Excerpts from a dataset
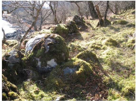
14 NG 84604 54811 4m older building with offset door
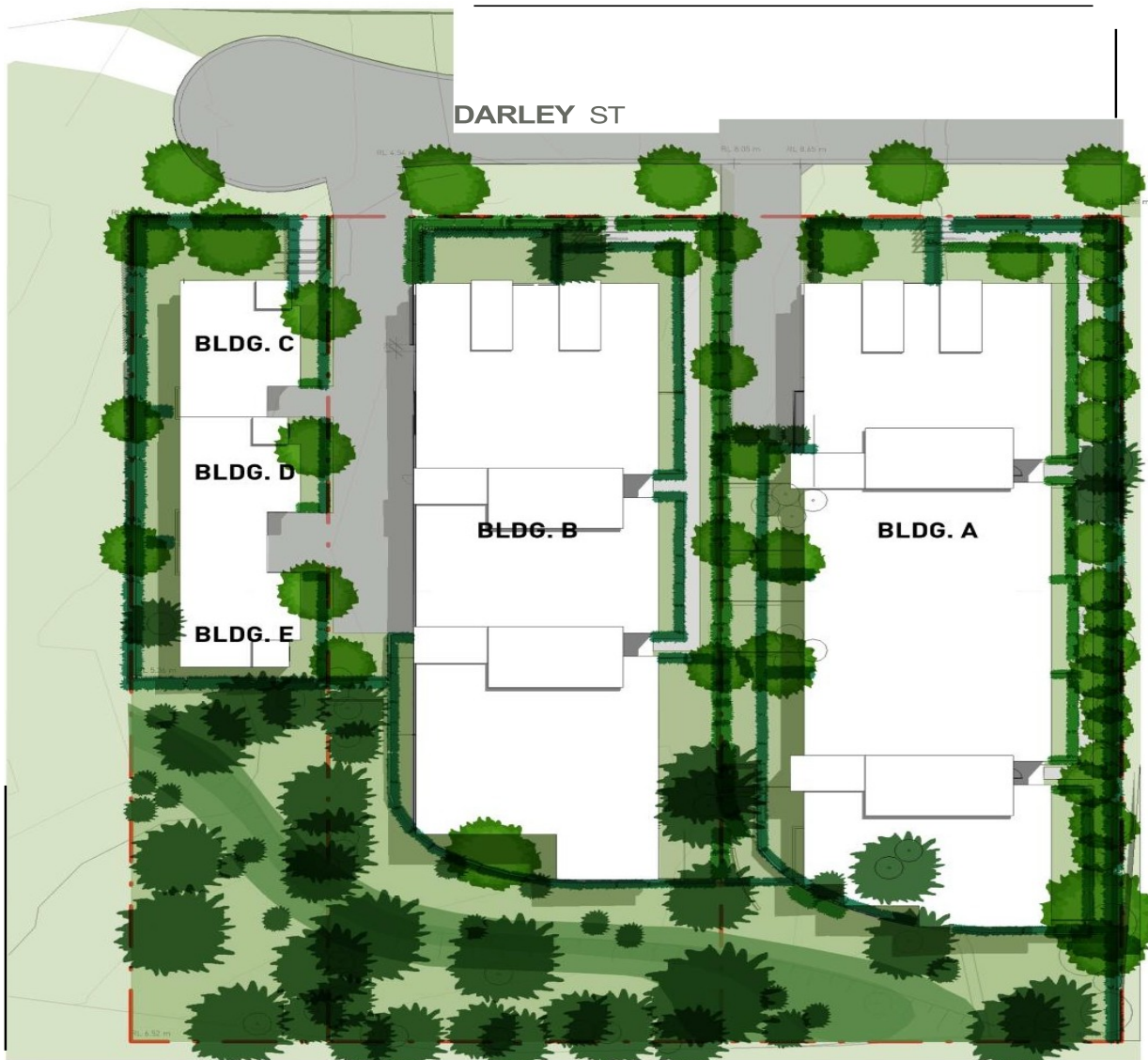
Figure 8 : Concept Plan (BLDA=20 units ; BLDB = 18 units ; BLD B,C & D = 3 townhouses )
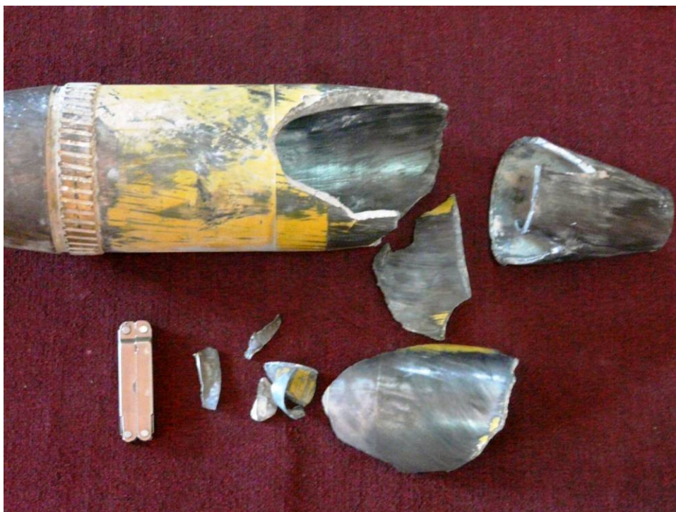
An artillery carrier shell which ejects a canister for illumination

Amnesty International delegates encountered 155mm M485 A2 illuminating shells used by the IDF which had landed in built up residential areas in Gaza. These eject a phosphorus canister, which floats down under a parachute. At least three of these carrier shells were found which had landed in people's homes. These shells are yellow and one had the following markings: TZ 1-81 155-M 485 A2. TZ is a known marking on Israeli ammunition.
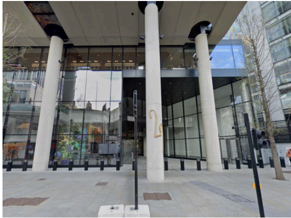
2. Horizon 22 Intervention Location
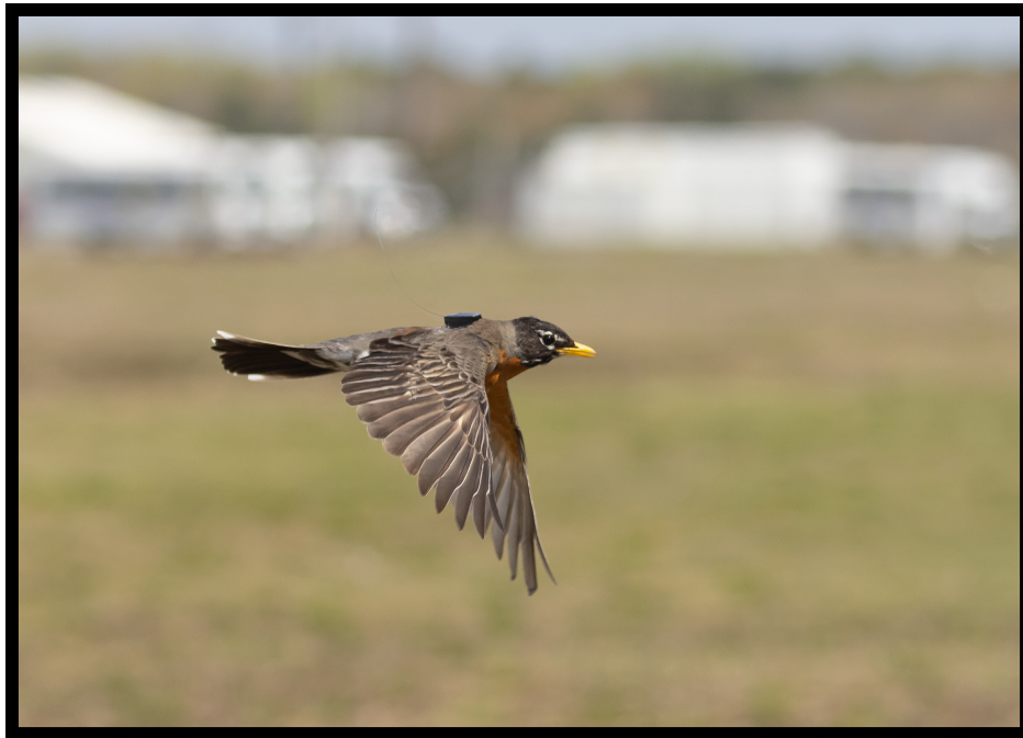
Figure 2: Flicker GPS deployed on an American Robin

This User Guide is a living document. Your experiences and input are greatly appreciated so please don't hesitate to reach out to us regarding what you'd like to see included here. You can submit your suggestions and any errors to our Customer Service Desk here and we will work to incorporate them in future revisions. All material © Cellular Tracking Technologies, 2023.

- Your goal -
The required answer is each line of the entries containing the string "Figure".

- Answer for the task -
Figure 8 : Concept Plan (BLDA=20 units ; BLDB = 18 units ; BLD B,C & D = 3 townhouses )
Figure 2: Flicker GPS deployed on an American Robin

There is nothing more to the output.